A university official had informed a member of Harvard’s Palestine Solidarity Committee (PSC) at 5pm the day before the event that the fees were being charged due to concerns that the event was “controversial.”
Palestine Legal wrote Harvard Dean Rakesh Khurana and Dean of Students Katherine O’Dair on Tuesday, warning that the fees violated Harvard’s Free Speech Guidelines, which state that Harvard will determine “whether protection of free speech at an open meeting requires security measures” and that “the University will fund these measures.”
Palestine Legal’s email noted that according to news reports, Harvard unilaterally paid $12,000 in security costs for a fall 2017 event featuring Charles Murray, notorious for peddling racist pseudoscience.
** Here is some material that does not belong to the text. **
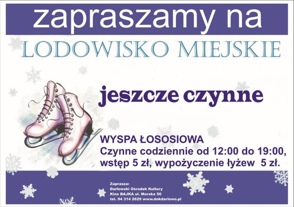 - Rozpoczęliśmy już rozmrażanie lodowiska, ale ze względu na to, że zima do nas wróciła, postanowiliśmy jeszcze przedłużyć sezon. Jazda na łyżwach będzie możliwa do czasu kiedy pozwolą na to warunki atmosferyczne – wyjaśnia Arkadiusz Sip, Dyrektor Darłowskiego Ośrodka Kultury. - Liczymy, że ostatnie zimowe dni spowodują, że na lodowisko przybędzie jeszcze więcej darłowskich łyżwiarzy - dodaje.

Palestine Legal’s email states:
It is unclear why PSC is being charged security fees, which not only disparately impacts PSC, but raises free speech concerns as well. As [Harvard] made clear, PSC is facing this charge not because of any action the group has taken, but out of concern that there may be an effort to disrupt the event. Harvard is in effect giving those who oppose Black-Palestinian solidarity the power to act as gatekeepers by imposing a financial barrier to PSC’s event.
The imposition of security fees followed a campaign from Harvard Hillel to block student funding for Israeli Apartheid Week (IAW), which the PSC is hosting this week. Hillel claimed in an email to Harvard’s Undergraduate Council (UC) that IAW should not be funded because it “would suggest to Jewish students that their place on campus is less respected” and because use of the word apartheid was “inflammatory.”
Despite this bogus attempt at censorship, the UC eventually approved over $2,000 in funding for a week of programming, including a student panel on life under occupation, performance by poet Remi Kanazi, lecture on the history of boycotts for Palestinian rights, screening of the documentary 1948, and Tuesday’s event on Black-Palestinian solidarity. On Wednesday, PSC put up a Wall of Resistance with African, Jewish, and Latinx student organizations, among others.
An administrator apologized to PSC at Tuesday’s event for charging the fee, explaining that events during the UC hearing made him concerned for the safety of students with PSC and that it was not his intention to sabotage the event.
Tuesday's event attracted a diverse group of about 200 students and others who packed the auditorium.
“While we appreciate Harvard’s concern for our safety, we’re upset that Harvard insisted that we pay for a service that it promises to provide,” said Miriam A., a member of PSC. “We shouldn’t have needed a lawyer to intervene. We just want to have a productive conversation on one of the most critical foreign policy issues of the day and to be treated fairly and equally when we try to have these conversations.”